Compute Entrypoints¶
In normal cases, osg-configure
manages the relevant ProbeConfig and it can be configured by modifying
/etc/osg/config.d/30-gratia.ini
.
Consult the osg-configuration documentation for details.
If there are problems or special configuration, you might need to edit the Gratia configuration files yourself by
modifying /etc/gratia/htcondor-ce/ProbeConfig
.
The ProbeConfig files have many details. A few options that you might need to edit are shown before. This is not a complete file, but only shows a subset of the options.
<ProbeConfiguration
CollectorHost="gratia-osg-itb.opensciencegrid.org:80"
SSLHost="gratia-osg-itb.opensciencegrid.org:80"
SSLRegistrationHost="gratia-osg-itb.opensciencegrid.org:80"
ProbeName="htcondor-ce:fermicloud084.fnal.gov"
SiteName="WISC_OSG_EDU"
EnableProbe="1"
/>
The options you see here are:
Option | Comments |
---|---|
CollectorHost | The GRACC server this probe reports to |
SSLHost | The GRACC server this probe reports to |
SSLRegistrationHost | The GRACC server this probe reports to |
ProbeName | The unique name for this probe. Note that it includes the probe type and the host name |
SiteName | The name of your Resource, as registered in OSG Topology. |
EnableProbe | The probe will only run if this is "1" |
Again, there are many more options in this file. Most of the time you won't need to touch them.

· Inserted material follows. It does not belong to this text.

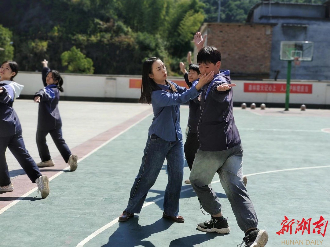 “双减”政策落地后,岩前中学丰富了体育、音乐等美育课程。清晨、黄昏,经常有学生拉着汤丽萍指导基本功、探讨舞蹈动作。每天的大课间活动时间,全校学子意气风发地同跳《一起向未来》,音乐声、欢笑声回荡在大山之间……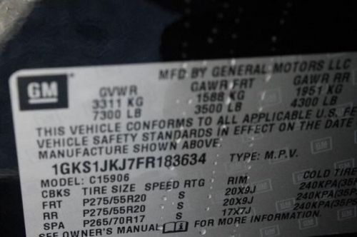 VIN (Vehicle Identification Number): 1GKS1JKJ7FR183634

Have Records Been Uploaded To the GRACC?¶
If you have verified that your Gratia probe is running and you are receiving pilot jobs,
you should see data in the GRACC for your service approximately 24h after jobs have completed successfully by entering
your Topology-registered site name into the Facility
dropdown:
If you still aren't seeing data in GRACC, use this section to ensure that your resources are registered properly.
Have you configured the resource names correctly?¶
Access Points¶
Ensure that SiteName
in your ProbeConfig matches your Topology-registered resource name.

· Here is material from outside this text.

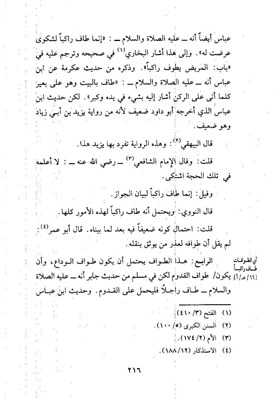 الرابع: هذا الطواف يحتمل أن يكون طواف الوداع، وأن يكون طواف القدوم لكن في مسلم من حديث جابر أنه -عليه الصلاة والسلام- طاف راجلاً فليحمل على القدوم. وحديث ابن عباس

See this section for details
Compute Entrypoints¶
Do the names of your resources match the names in
OSG Topology?
Gratia retrieves the resource name from the Site Information
section of the /etc/osg/config.d/40-siteinfo.ini
;===================================================================
; Site Information
;===================================================================
[Site Information]
; Set "group" to "OSG" for a production site, or "OSG-ITB" for an ITB site.
;
; YOU WILL NEED TO CHANGE THIS
group = OSG
; Set "host_name" to the host name of the CE being configured.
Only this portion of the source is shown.